= Grand Pianola Music =

Composition by John Adams

Grand Pianola Music is a minimalist composition by the American composer John Adams written in 1981. It was premiered on February 26, 1982, by the San Francisco Symphony in the Japan Center in San Francisco as part of a series called "New and Unusual Music". The pianists Robin Sutherland and Julie Steinberg, sopranos Marlene Rozofsky and Eileen Williams, and alto Elizabeth Anker performed with the orchestra. The composer conducted.

== Music ==
The work is in three movements:

It is a typical phase music work in that it is distinctly tonal, has a slow harmonic rhythm and stays in harmonically stable areas, and has a steady regular rhythmic pulse. As with many compositions in this genre, it is creative through its formal architecture, dramatically changing in mood and texture throughout its 30-minute length, especially in the first and third parts which both rise to a succession of highly dramatic crescendoes.

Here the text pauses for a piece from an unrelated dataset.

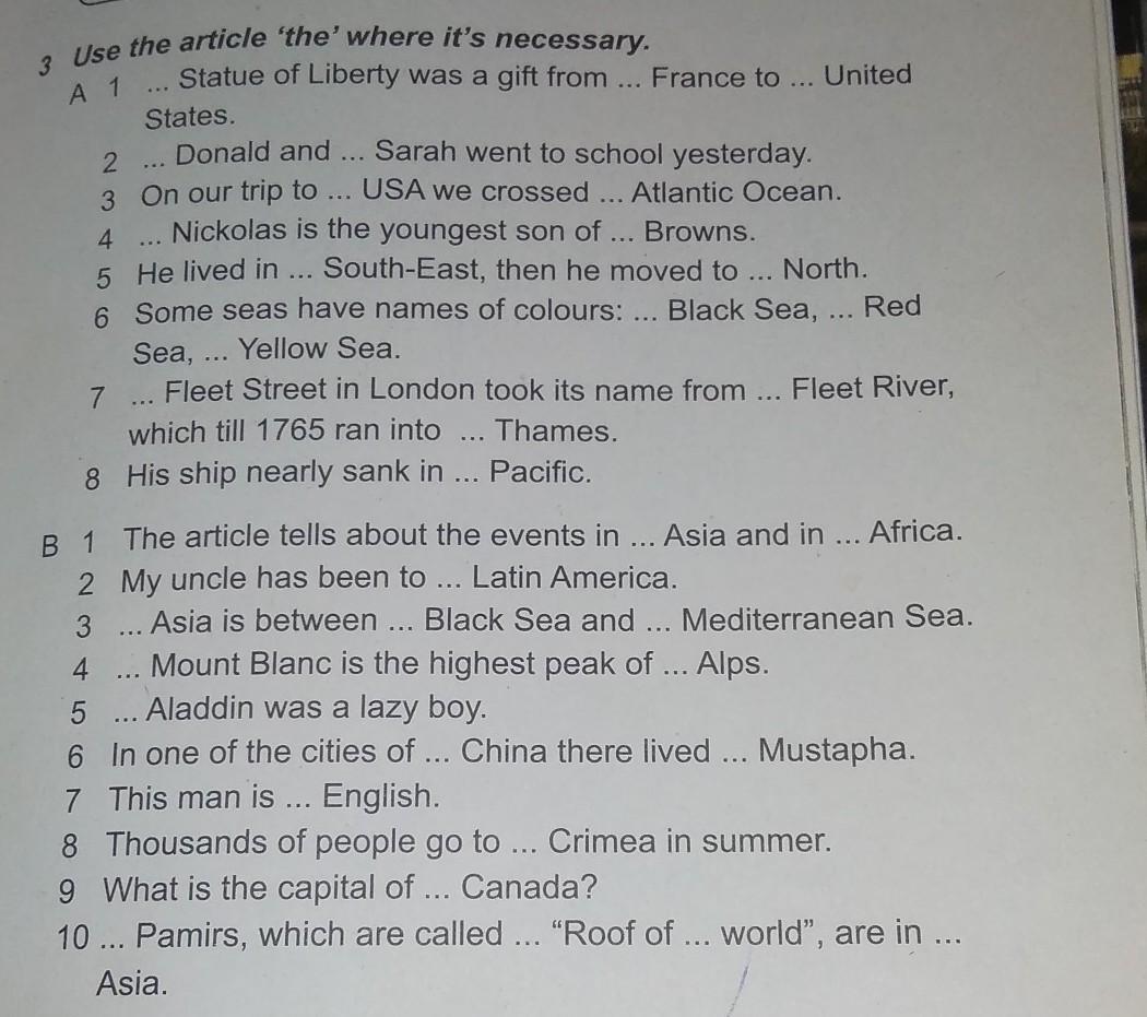 10) (Пропуск) , the, the, (пропуск)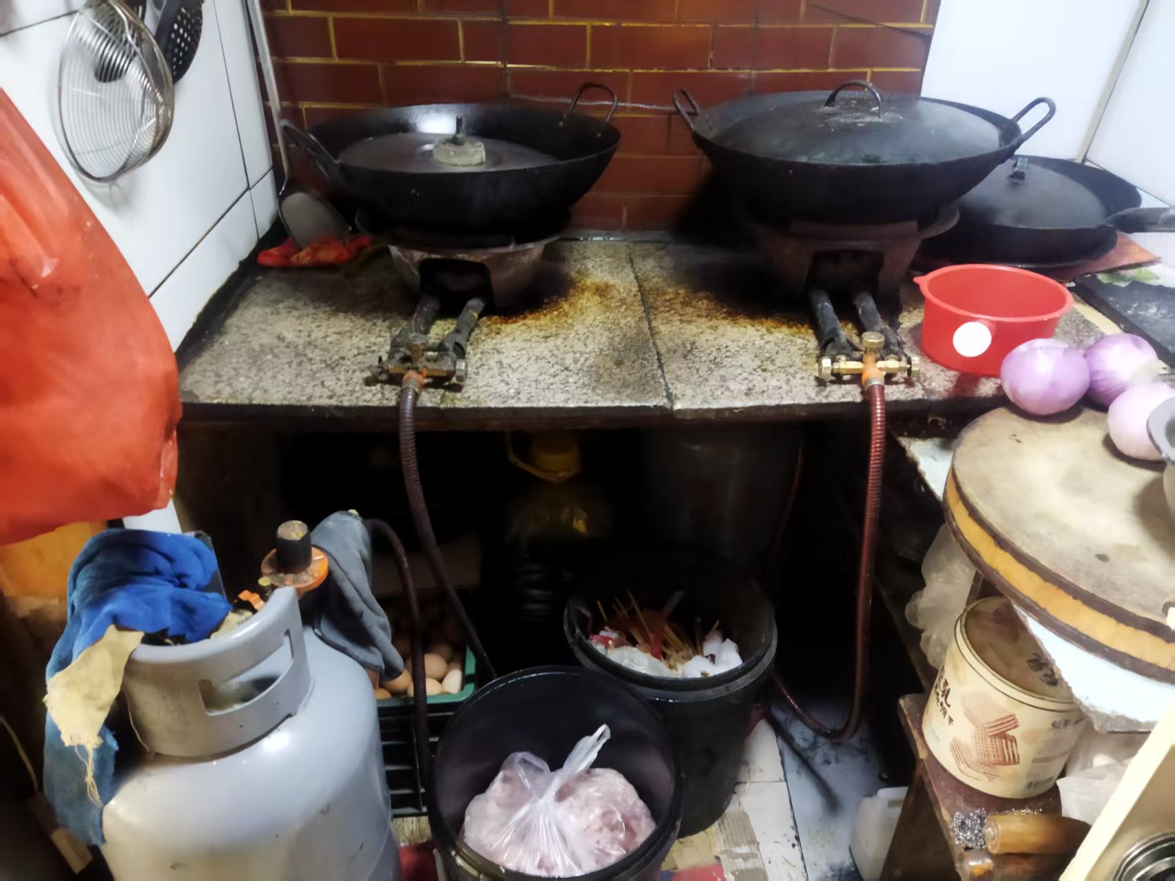 存在問題:①商品未明碼標價;②廚房墻面脫落;③現場未提供健康證;④未建立進貨臺賬;⑤用可回收無機垃圾桶浸泡粉條。

The work's inspiration was a mixture of two elements. At the time of its composition, the composer was beginning to pay more attention to the subject matter of his subconscious, such as dreams. In one dream, he describes driving along Interstate 5, when he was approached from behind by two black limousines. As the vehicles drew up beside him, they transformed into two incredibly long Steinway pianos, giving off volleys of E♭ and B♭ major arpeggios. It reminded him of walking down the hallways of the San Francisco Conservatory of Music, where he used to hear students practicing the piano, creating a "sonic blur of twenty or more pianos playing Chopin, the 'Emperor' Concerto, Hanon, Rachmaninov, the Maple Leaf Rag, and much more". An example of this is clearly audible during Part I of the work, when the two pianos enter as soloists for the first time. Several of his other works, including his large-scale orchestral work, Harmonielehre, were inspired by similar visions.

The piece is at times very delicate but makes full use of the dynamic capabilities of its large ensemble in the fast movements. The woodwinds remain quiet for most of the time, gently repeating the rhythmic pulses while the two pianos play waves of arpeggios. The three female voices (described in the notes to the full score of the work as "the sirens") sing wordless harmony, at some times singing very long slow triads over the chugging ensemble, at other times imitating the short fast notes of the winds and brass.

== Instrumentation ==

- Woodwinds
2 flutes, both doubling piccolo
2 oboes
2 clarinets in B♭, 2nd doubling bass clarinet
2 bassoons

- Brass
2 horns in F
2 trumpets in B♭
2 trombones
1 tuba

- Percussion, 3 players
vibraphone
xylophone
marimba
glockenspiel
crotales, bowed
2 suspended cymbals
crash cymbals
5 tenor drums
pedal bass drum, small

large bass drum
maracas
wood block, high
tambourine
2 triangles

- Voices
3 women's voices, amplified

- Keyboards
2 pianos

== Critical reception and history ==
After its successful San Francisco premiere, Grand Pianola Music was booed by many at its New York premiere (not conducted by Adams) in summer 1982. According to Adams, "True, it was a very shaky performance, and the piece came at the end of a long concert of new works principally by serialist composers from the Columbia-Princeton school. In the context of this otherwise rather sober repertoire, Grand Pianola Music must doubtless have seemed like a smirking truant with a dirty face, in need of a severe spanking."

Despite the reaction, Adams maintains that the piece was not intended to "thumb its nose" at the rest of the "high art" pieces being performed at the event and admits being alarmed by the severity of its reception. Retrospectively, he finds that he is "impressed by its boldness".

The piece has enjoyed a successful performance history, being one of his most popular works from that period. It has been recorded by several different artists, twice in the presence of the composer.

Grand Pianola Music appears in the Modern Era soundtrack of the computer game Civilization IV, along with several other pieces by Adams.